My new XP-Pen Deco mini7 Graphics Tablet running fine on Linux with multiple monitors and no driver installation required

I chose this XP-Pen graphics tablet mainly due to meeting specs requirement (battery-free stylus, 8192 levels of pressure, 5080LPI resolution, > 220 report rate, 10mm reading height for stylus, and Linux compatibility). Yes Wacom and others are similar specs but this price point was a bit better.

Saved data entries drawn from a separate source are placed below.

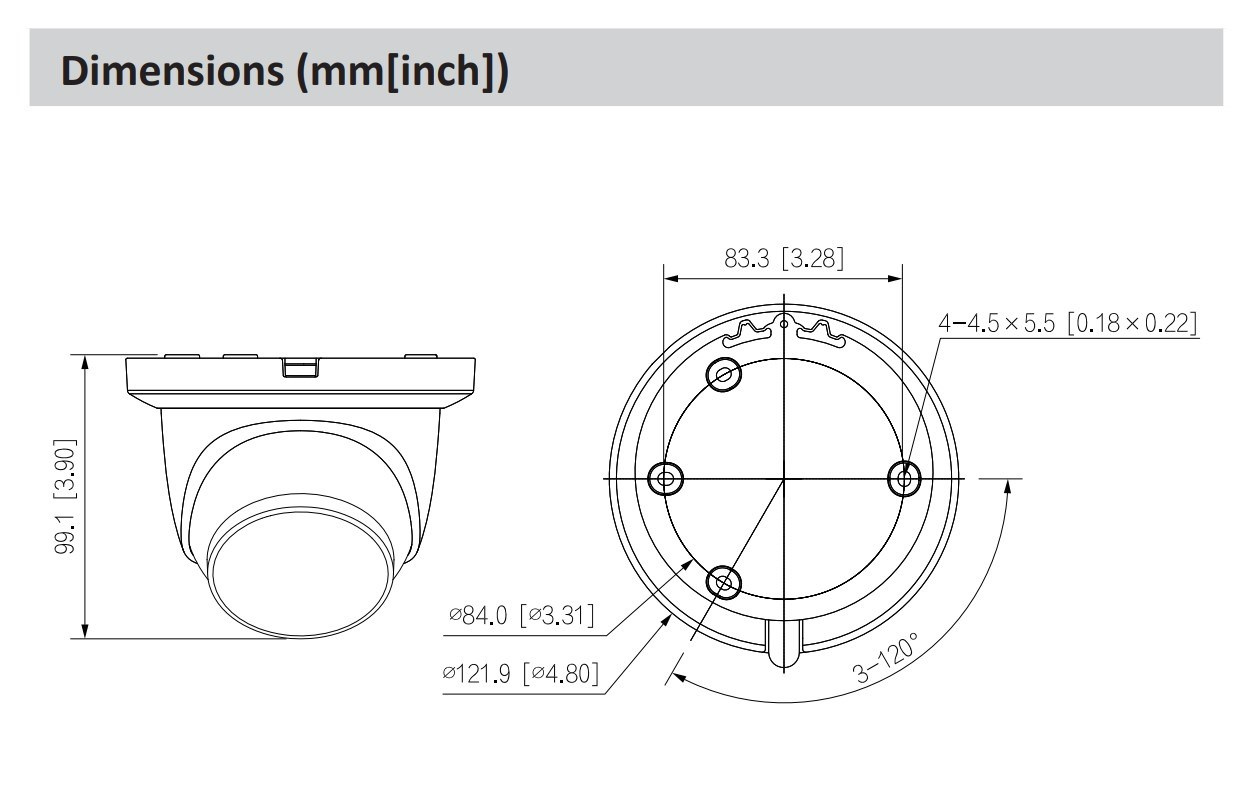 Dahua IPC-HDW5842TM-ASE-0280B-S3, IP kamera, 8Mpx, Eyeball, 1/1.8" CMOS, objektiv 2.8 mm, IR
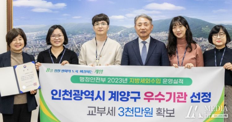 미디어아워 임다연 기자 | 인천시 계양구는 행정안전부 주관 ‘2023년 지방세외수입 운영실적 분석․진단 평가’에서 우수 기관으로 선정돼 행정안전부 기관 표창과 함께 재정 인센티브로 교부세 3천만 원을 확보했다.
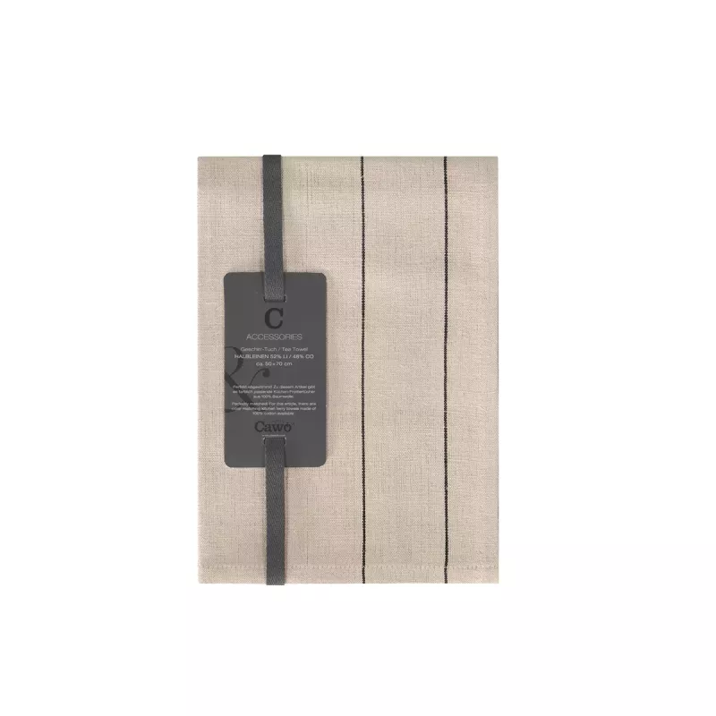 With its generous 50x70 cm size, the towel is versatile and suitable for all kitchen uses. It works perfectly as a dish towel, drying cloth, or decorative textile. Its high absorbency ensures efficient drying, while the durable fabric maintains performance over time. Machine washable at 60 degrees and suitable for low tumble drying. The Cawö Cuisine Nature striped kitchen towel in linen beige is an excellent choice for anyone seeking a durable, absorbent, and aesthetically refined linen-cotton towel with a timeless and natural character.
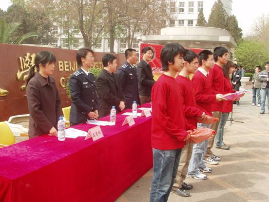 2006年4月9日下午,由ob真人竞猜ob真人处,北京市海淀区城市管理监察大队主办,ob真人竞猜自强社承办的学生服务大队“践行社会主义荣辱观,构建和谐文明社区”活动正式启动。
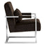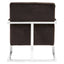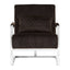 The thick padded cushion and backrest of the Gatsby chair are supported by an angular frame made from brushed chrome. Its smooth, reflective surface contrasts with the geometric quilted design of the luxuriously rich black velvet. Removable armrests and a coordinating rectangular cushion enhance the comfort of this statement chair.
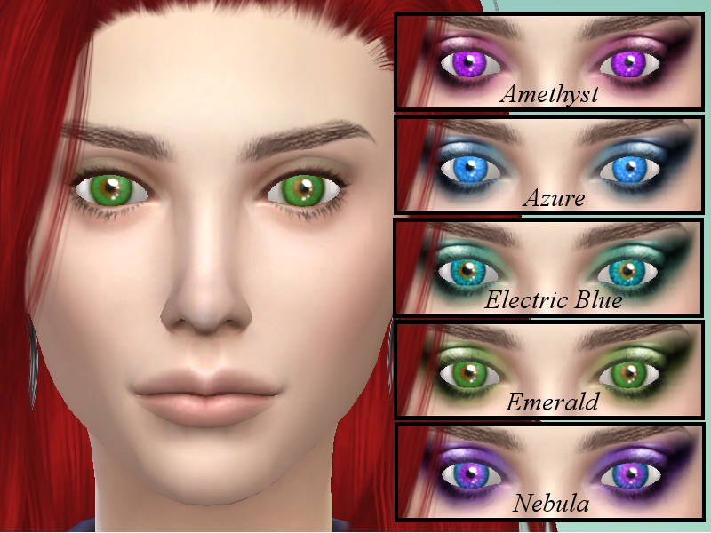 My fist ever custom creations for The Sims 4! This set comprises five different eye colours: Amethyst (light, vivid purple), Azure (bright blue), Electric Blue (bright blue with an inner green ring), Emerald (bright green with an inner brown ring) and Nebula (blue with an inner ring of purple). These eyes may all be found in the Eyes section.

So out of the box it just worked on Manjaro Linux KDE and immediately also in Krita, and the only ‘problem’ was by default its horizontal travel was across all 3 of my monitors which means you use one third of the tablet. I found a quick fix for this by:
1. Running xinput to see what the USB IDs were for my tablet.
2. Running xandr to get the names on my displays.
3. Then creating a small bash file to just execute (in my case):
xinput map-to-output 20 DP-3
xinput map-to-output 23 DP-3
automatically when the app starts so that the stylus is restricted to the third monitor.

Apart from the important stuff works like the quick buttons for toggling erase, for undo, and for zoom in/out.

The beta Linux driver seems intended for Ubuntu Linux and for some reason the AUR version does not work. This driver would allow customising the quick keys but I can achieve that anyway via key mapping on Linux.  So all I need to do now is learn how to draw… at least I won’t be using any paper nor do I need to buy and store 200+ different pencils and brushes.